If we dig the function rename_with.data.frame
it would be more evident
getAnywhere('rename_with.data.frame')
function (.data, .fn, .cols = everything(), ...)
{
.fn <- as_function(.fn)
cols <- tidyselect::eval_select(enquo(.cols), .data)
names <- names(.data)
names[cols] <- .fn(names[cols], ...)
names <- vec_as_names(names, repair = "check_unique")
set_names(.data, names)
}
i.e. the .fn
or the lambda function is applied on the column names. Thus, when we use var_label
, it require data.frame or vector and it fails
-added print statements in a modified function
rename_with_mod <- function (.data, .fn, .cols = everything(), ...)
{
cols <- tidyselect::eval_select(enquo(.cols), .data)
print("cols")
print(cols)
names <- names(.data)
print("names")
print(names)
.fn <- rlang::as_function(.fn)
print(names[cols])
.fn(names[cols], ...)
}
-Testing
# lambda function to return the column name
> df %>%
rename_with_mod(~ .x, .cols=var1:var3)
[1] "cols"
var1 var2 var3
1 2 3
[1] "names"
[1] "var1" "var2" "var3" "group_var" "other_var1" "other_var2"
[1] "var1" "var2" "var3"
[1] "var1" "var2" "var3"
# lambda function where we apply the var_label - returns NULL
> df %>%
rename_with_mod(~ var_label(.x), .cols=var1:var3)
[1] "cols"
var1 var2 var3
1 2 3
[1] "names"
[1] "var1" "var2" "var3" "group_var" "other_var1" "other_var2"
[1] "var1" "var2" "var3"
NULL
CodePudding user response:
You could also use the attributes directly:
colnames(data) <- sapply(data, function(x) attr(x, "label"))

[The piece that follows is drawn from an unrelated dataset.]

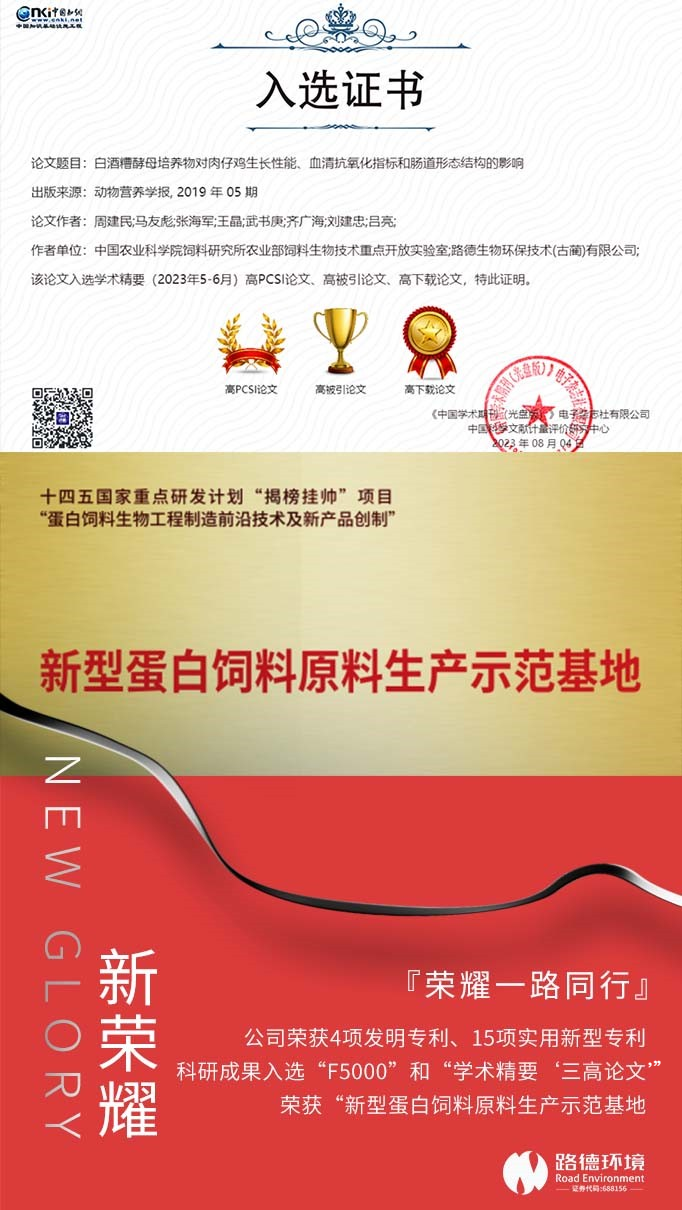 公司榮獲19項技術(shù)專利(4項發(fā)明專利、15項實(shí)用新型專利);合成生物科研項目入選湖北省科技廳2023年省科技計劃立項項目;產(chǎn)品應(yīng)用科研成果入選“F5000”和“學(xué)術(shù)精要‘三高論文’”;公司榮獲“新型蛋白飼料原料生產(chǎn)示范基地”稱號;河湖淤泥處理項目獲評“2023年度武漢環(huán)保產(chǎn)業(yè)優(yōu)秀環(huán)保項目案例”;獲評“中核集團(tuán)合格供應(yīng)商”。

Or if you prefer var_label
and rename_with
(beware though that there is no datamasking available here, thus data
, not .data
):
data |>
rename_with(function(x) sapply(x, function(y) var_label(data[[y]])))

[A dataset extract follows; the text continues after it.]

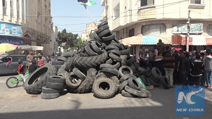 "The smoke of the burnt tires is meant to block the vision of the Israeli soldiers stationed along the borders," activist Hossam Moaarouf told Xinhua.

Example with labelled haven
iris
data:
library(haven)
> path <- system.file("examples", "iris.dta", package = "haven")
> data <- read_dta(path)
> data
# A tibble: 150 × 5
sepallength sepalwidth petallength petalwidth species
<dbl> <dbl> <dbl> <dbl> <chr>
1 5.10 3.5 1.40 0.200 setosa
2 4.90 3 1.40 0.200 setosa
3 4.70 3.20 1.30 0.200 setosa
4 4.60 3.10 1.5 0.200 setosa
5 5 3.60 1.40 0.200 setosa
6 5.40 3.90 1.70 0.400 setosa
7 4.60 3.40 1.40 0.300 setosa
8 5 3.40 1.5 0.200 setosa
9 4.40 2.90 1.40 0.200 setosa
10 4.90 3.10 1.5 0.100 setosa
# … with 140 more rows
> colnames(data) <- sapply(data, function(x) attr(x, "label"))
> data
# A tibble: 150 × 5
Sepal.Length Sepal.Width Petal.Length Petal.Width Species
<dbl> <dbl> <dbl> <dbl> <chr>
1 5.10 3.5 1.40 0.200 setosa
2 4.90 3 1.40 0.200 setosa
3 4.70 3.20 1.30 0.200 setosa
4 4.60 3.10 1.5 0.200 setosa
5 5 3.60 1.40 0.200 setosa
6 5.40 3.90 1.70 0.400 setosa
7 4.60 3.40 1.40 0.300 setosa
8 5 3.40 1.5 0.200 setosa
9 4.40 2.90 1.40 0.200 setosa
10 4.90 3.10 1.5 0.100 setosa
# … with 140 more rows
Consider using janitor::make_clean_names
afterwards to make life easier for yourself.